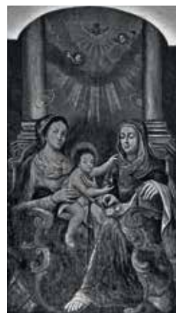
100. Šv. Ona, pati trečioji. XVIII a. II p. / 1929 m. Altorinis paveikslas iš Slanimo bernardinų bažnyčios.
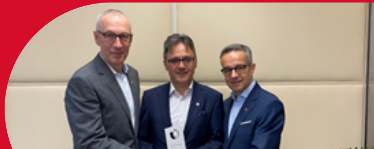
Prix de Fonds 2023 - Diese Auszeichnung erhielt die Bank in Frankfurt von ihrem Kooperationspartner Union Investment Austria GmbH

Leistungsfähigkeit, Rentabilität und eine solide Eigenmittelausstattung nehmen in der Geschäftspolitik einen hohen Stellenwert ein.
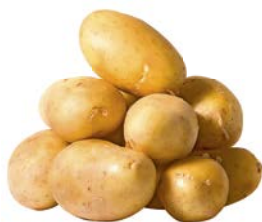
КАРТОФЕЛЬ молодой, 1кг
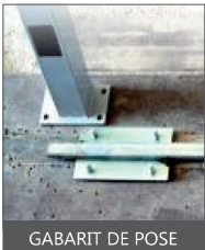
GABARIT DE POSE
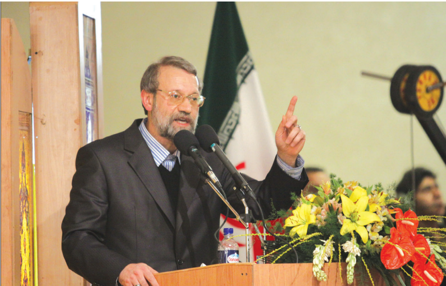
در همین زمینه

رییس مجلس از چهره‌های ماندگار اصفهان تجلیل کرد

□ □ □ □ □ □ □

Exercise » In the records above, locate the line with "Leistungsfähigkeit, Rentabilität und"; output it and each line after it through the last one, exactly, omitting pictures.

Solution to this problem »
Leistungsfähigkeit, Rentabilität und eine solide Eigenmittelausstattung nehmen in der Geschäftspolitik einen hohen Stellenwert ein.
КАРТОФЕЛЬ молодой, 1кг
GABARIT DE POSE
در همین زمینه

رییس مجلس از چهره‌های ماندگار اصفهان تجلیل کرد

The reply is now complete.